■ **RECORDS PROVIDED**:

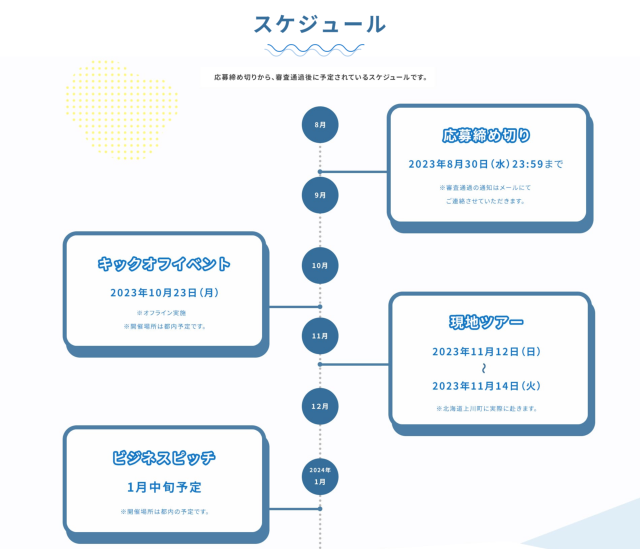 エントリーの締め切りは8月末までとなっており、そこで審査を通過した方は10月後半にキックオフイベント。その後、現地視察(※現地までの交通費のみ自己負担)を行い、今年度中に事業内容を固める。
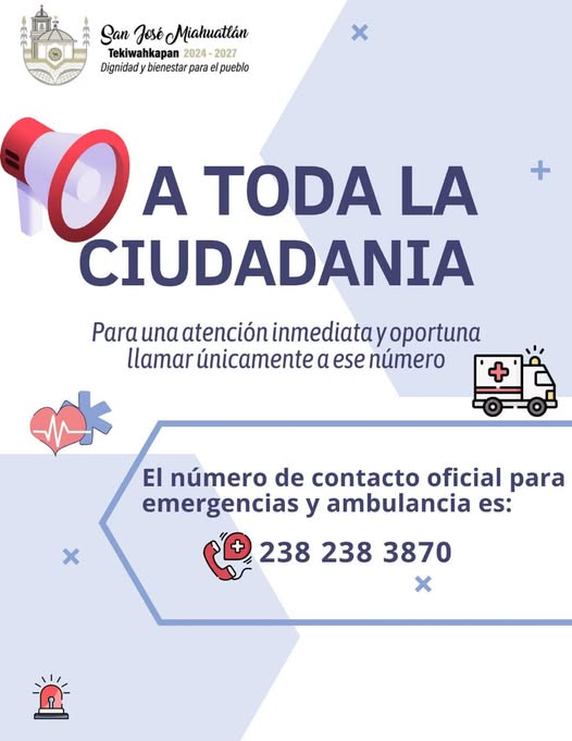 Dignidad y Bienestar para el pueblo de San José Miahuatlán Es momento de trabajar en comunidad a favor de nuestra región.Tekiwahkapan 2024-2027 Noticias Avisos importantes ¡AYÚDANOS A LLEGAR A TIEMPO!MARCA AL NÚMERO DE CONTACTO OFICIAL: 2382383870#dignidadybienestarparaelpueblo#tekiwahkapan2024_2027 Cultura
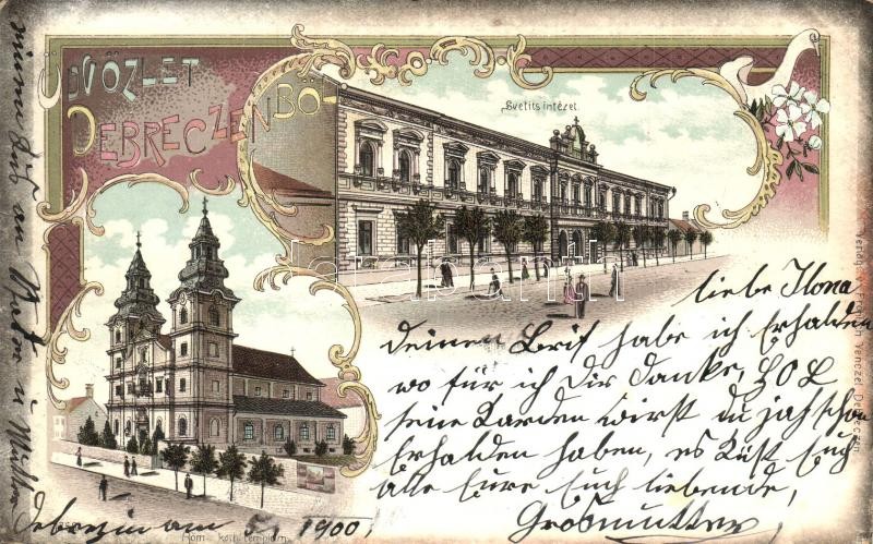 1900 Debrecen, Római katolikus templom, Svetits intézet. Fröhlich Venc... https://www.darabanth.com/de/319-Fernauktion/319.0/Ansichtskarten/Ungarn~2500005/1900-Debrecen-Romai-katolikus-templom-Svetits-intezet-Frohlich-Vencel-Art-Nouveau-floral-lit~II1764123
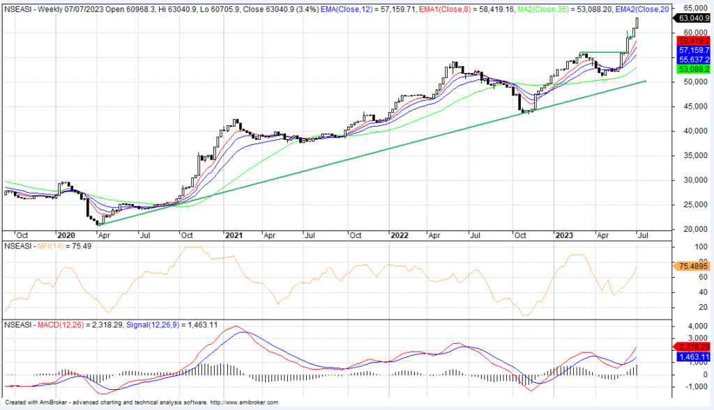 The NGX index’s action remained strong, trading above the 63,000 mark on positive sentiment in the midst of buying interests and bullish divergence on a weekly chart, while trading above the 100 DMA and 200 DMA on a high traded volume to sustain the uptrend on a weekly time frame that supports reversal and continuation of trend, which need to be confirm in the new week as pending financials are expected in the market. Also, the candlestick formation indicates that buyers are in charge ahead of earnings reporting season and MPC meeting that is around the corner.
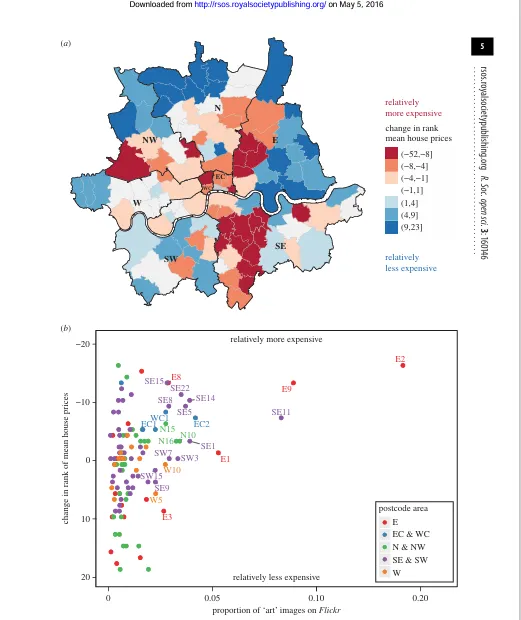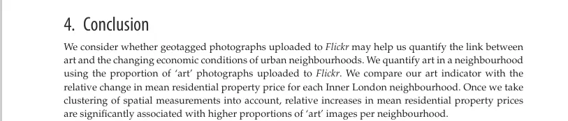 伦敦内城街区中,"艺术"照片比例更高的街区,房价相对涨幅也更大。这种关联在统计上是显著的。
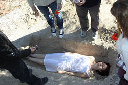 Here is a selection of photographs taken during an act of Psychomagic recommended by Jodorowsky to overcome the fear of dying. Death, burial, letters of farewell from friends and relatives, everything is recreated for the confrontation to that terrible fear.
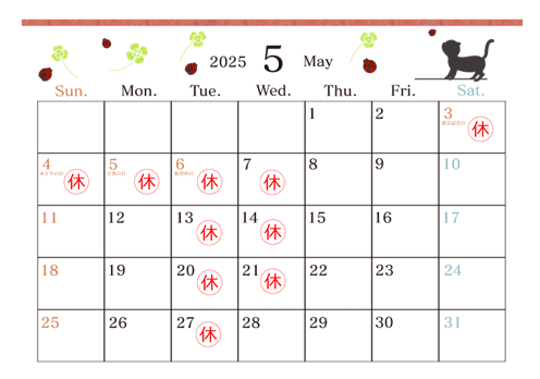5月3日~7日までゴールデンウイークのため長期休暇となります。
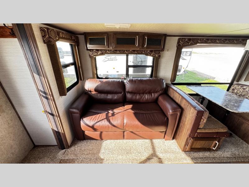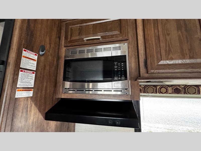 Straight in from the door find a tri-fold sleeper sofa and booth dinette slide, or you can choose an optional free-standing dinette in place of the booth dinette. The sofa features overhead cabinets for storage. There is an entertainment center near the slide that can easily be viewed from any seating in the room.
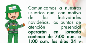Comunicamos a nuestros usuarios que, con motivo de las festividades, los puntos de atención presencial operarán en jornada continua de 7:00 a.m. a 1:00 p.m. los días 24 y 31 …
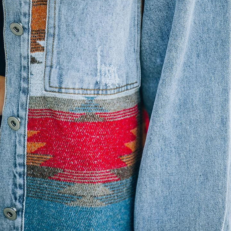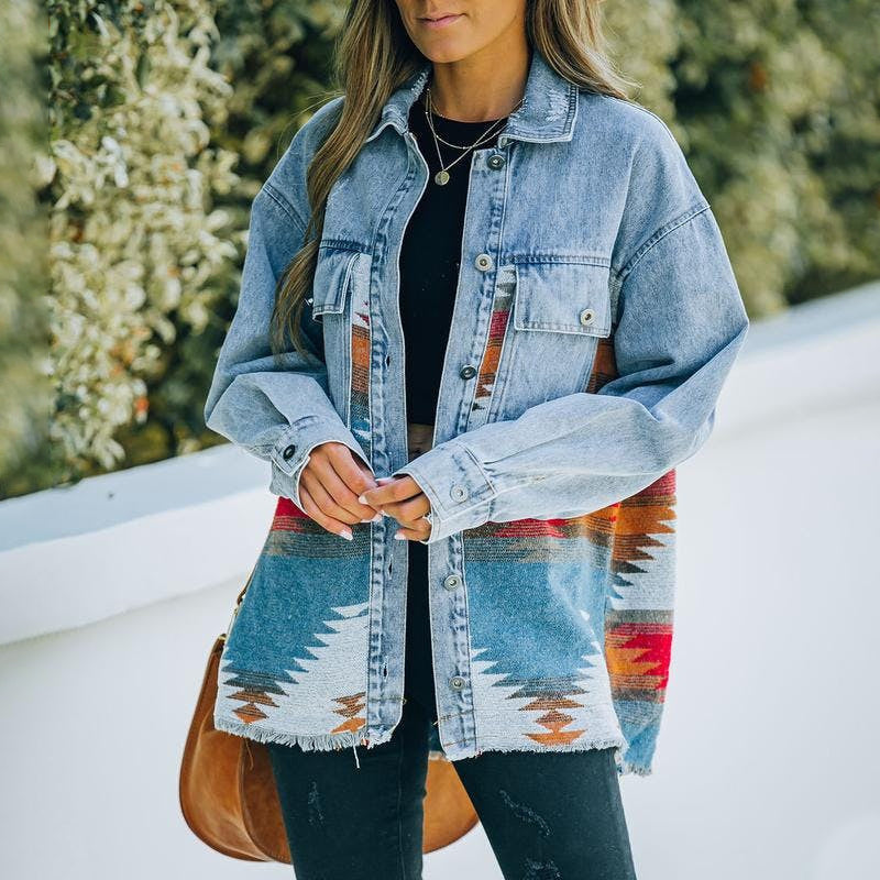 - 1* LAPEL POCKET DENIM RETRO JACKET

■ **DESCRIPTION OF THE TASK**: Return the material in full, word for word, and skip the pictures.

■ **WRITTEN RESPONSE**:
 エントリーの締め切りは8月末までとなっており、そこで審査を通過した方は10月後半にキックオフイベント。その後、現地視察(※現地までの交通費のみ自己負担)を行い、今年度中に事業内容を固める。
 Dignidad y Bienestar para el pueblo de San José Miahuatlán Es momento de trabajar en comunidad a favor de nuestra región.Tekiwahkapan 2024-2027 Noticias Avisos importantes ¡AYÚDANOS A LLEGAR A TIEMPO!MARCA AL NÚMERO DE CONTACTO OFICIAL: 2382383870#dignidadybienestarparaelpueblo#tekiwahkapan2024_2027 Cultura
 1900 Debrecen, Római katolikus templom, Svetits intézet. Fröhlich Venc... https://www.darabanth.com/de/319-Fernauktion/319.0/Ansichtskarten/Ungarn~2500005/1900-Debrecen-Romai-katolikus-templom-Svetits-intezet-Frohlich-Vencel-Art-Nouveau-floral-lit~II1764123
 The NGX index’s action remained strong, trading above the 63,000 mark on positive sentiment in the midst of buying interests and bullish divergence on a weekly chart, while trading above the 100 DMA and 200 DMA on a high traded volume to sustain the uptrend on a weekly time frame that supports reversal and continuation of trend, which need to be confirm in the new week as pending financials are expected in the market. Also, the candlestick formation indicates that buyers are in charge ahead of earnings reporting season and MPC meeting that is around the corner.
 伦敦内城街区中,"艺术"照片比例更高的街区,房价相对涨幅也更大。这种关联在统计上是显著的。
 Here is a selection of photographs taken during an act of Psychomagic recommended by Jodorowsky to overcome the fear of dying. Death, burial, letters of farewell from friends and relatives, everything is recreated for the confrontation to that terrible fear.
5月3日~7日までゴールデンウイークのため長期休暇となります。
 Straight in from the door find a tri-fold sleeper sofa and booth dinette slide, or you can choose an optional free-standing dinette in place of the booth dinette. The sofa features overhead cabinets for storage. There is an entertainment center near the slide that can easily be viewed from any seating in the room.
Comunicamos a nuestros usuarios que, con motivo de las festividades, los puntos de atención presencial operarán en jornada continua de 7:00 a.m. a 1:00 p.m. los días 24 y 31 …
 - 1* LAPEL POCKET DENIM RETRO JACKET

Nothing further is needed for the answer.